He made two further studio recordings of the role (one of them used for the soundtrack to the Zeffirelli film), and their are at least three official videos of him performing the role on stage, and a number of unofficial live accounts. This recording finds him early in his conquest of this signature role, but it is already well sung in. Records cannot of course capture his superb acting and powerful stage presence, but his Otello is still, even at this early stage of his career, a great performance. Some, and I am probably one of them, would prefer a voice with a bit more squillo on top. My favourite Otello remains Vickers, who has musicality, dramatic intensity and squillo, but I prefer Domingo to Del Monaco, whose singing can indeed be thrilling, but who tends to let volume compensate for a lack of real dramatic awareness.

There are other reasons to enjoy this recording. Levine’s conductiing, which derives from long stage acquaintance with the opera, is definitely one of his best Verdi recordings (though the recording itself is a tad congested in the climaxes) and Milnes is also caught at something close to his best, a suave, guileful and conniving Iago. Scotto, though she may not have Tebaldi’s beauty of tone, is a much more communicative and moving Desdemona, and this is one of her most succesful performances on disc. The voice occasionally spreads on top when under pressure, but her pianissimo singing is exquisite and her phrasing wonderfully musical.

Despite reservations about Rysanek’s Desdemona, the Serafin set with Vickers and Gobbi remains my favourite studio recording. That said, I would always want one of Domingo’s studio recordings as well. Though Domingo himself may be even more moving in his later two recordings and many, I know, would go for his last recording under Chung, with Studer and Leiferkus, I still prefer this early one. I’ve never been a big fan of Studer and Leiferkus sounds unidiomatic to me, for all his intelligence and dramatic acumen. The Maazel is let down by some weird recording balances and Diaz’s well sung but anonymous Iago, though Ricciarelli is also an affectingly touching Desdemona. So the Levine emerges as the winner for me.

Renata Scotto sings Verdi

 

When this recital first appeared in 1975, Scotto had been absent from the catalogues for some time. She was principally known on record for her Butterfly under Barbirolli (recorded for EMI in 1966) and for Mimi, Violetta, Gilda and Lucia (all recorded in the early 1960s for DG).

Butterfly was her calling card for many years, and the recording has remained one of the most recommendable (though, save for Liu in the Molinari-Pradelli Turandot, recorded in 1961, she appears not to have made any further complete opera recordings for EMI until she recorded Abigaille under Muti in 1977).

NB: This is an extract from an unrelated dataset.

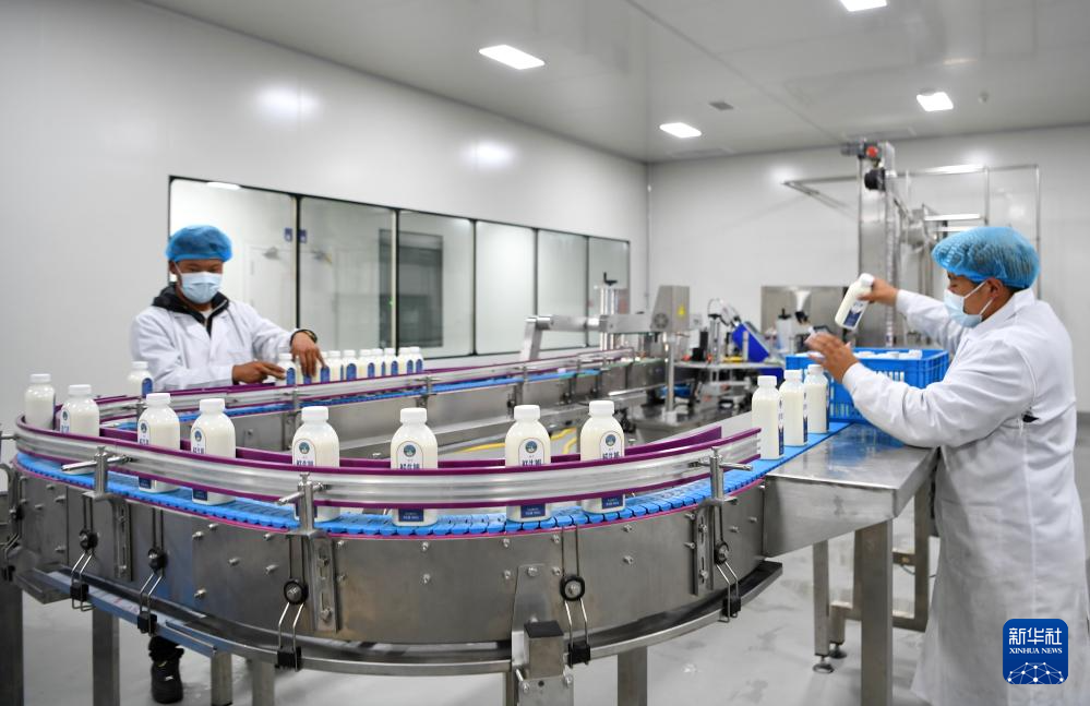 嘎確生態(tài)畜牧業(yè)發(fā)展有限責任公司的工人在牛奶生產(chǎn)流水線上工作(8月24日攝)。新華社記者 張汝鋒 攝
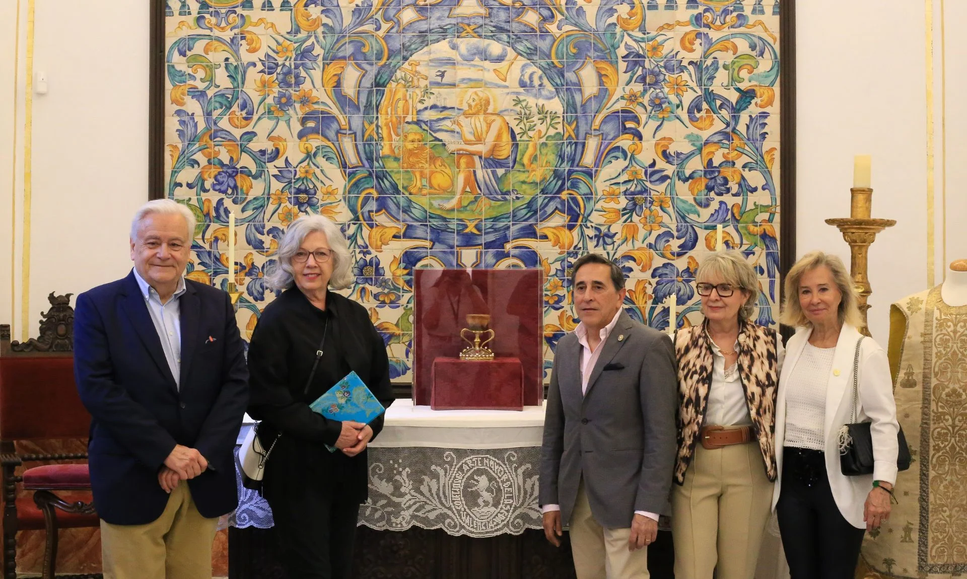 Fotografía: De izquierda a derecha. Don Alberto Catalá, vicepresidente del Colegio del Arte Mayor de la Seda; Doña Pilar Espona, comisaria de la exposición; Don Eduardo Puertes, presidente de la Cofradía de San Jerónimo del Colegio del Arte Mayor de la Seda, Doña Teresa González, secretario del Colegio del Arte Mayor de la Seda y Doña María Gómez, presidenta de la Fundación del Santo Cáliz.

She first made her mark deputising as Amina in Edinburgh for Callas, who, in poor vocal health at the time, had refused to sing an extra uncontracted performance that La Scala had tried to thurst upon her. That was in 1957 and it would appear that, though she had considerable success on stage, recording companies were not so quick on the uptake. She herself has admitted that she could be a bit prima donna-ish in a “my way or no way” sort of manner, until she met her husband, Lorenzo Anselmi, who, according to Scotto, helped her to become more professional, and think more about the music.

She was at first known as a coloratura, but even in the early 1960s, John Steane notes that her high notes did not seem to come easily and could have a hard and pinched quality. She also had a great success as Butterfly, the role in which she had made her Met debut, but it soon became clear that this was the only repertoire Bing would call on her for. He refused to offer her anything else so she was absent from their schedules for a long time, returning in 1974 to sing Elena in I Vespri Siciliani, under Levine who became her champion. For many years, she was the Met’s house soprano, singing a completely new repertoire, which included Verdi roles like Leonora in Il Trovatore, Desdemona, Luisa Miller and Lady Macbeth.

This Verdi recital also marked the beginning of a new, fairly intensive recording schedule for her. In the ten years since her recording of Madama Butterfly the hardness on top has become more noticeable, and many of the louder notes above the stave are quite strident. There are however compensations in her musicality, her dramatic awareness, her deep legato and the firmness of the line. Then there is the added attraction of her attention to detail and her intelligent use of the words, though occasionally there is a lack of spontaneity. Art does not always conceal art.

There is a good mixture here of the familiar and the not so well known. In the former camp would be Lida’s aria and cabaletta from La Battaglia di Legnano, a fairly conventional piece whose cabaletta is nonetheless energetically exciting, and which Scotto attacks head on. There is a slight suspicion that the voice is a little small for the other early works here (Nabucco and I Lombardi), but she has an innate feeling for Verdian style and the cavatinas of both are beautifully moulded, the cabalettas propulsive and exciting. The voice takes on a lovely melancholy tinta for Elena’s Arrigo, ah parli a un core, which lies mostly in the middle register, though she eschews the written low F# in the cadenza, taking a higher alternative, and sings a bright and breezy Merce, dilette amiche. Best of all, probably because neither takes he much above the stave, are Violetta’s Addio, del passato, the reading of the letter absolutely heart-wrenching, and Desdemona’s Willow Song and Ave Maria, which is alive to every dramatic contrast, her singing full of anxious foreboding. Soon after this she would make a most touching Desdemona both on stage at the Met and on record in Domingo’s first recording.

Some may prefer a richer voice for this music, but few who are more vocally endowed sing with such specificity, such attention to the meaning of the text, such musicality and appreciation of Verdian style. Where other sopranos, like Souliotis and Sass, can be accused of being copycat Callases, Scotto can be said to have absorbed the lessons of Callas without losing her own individuality. This is a very good recital.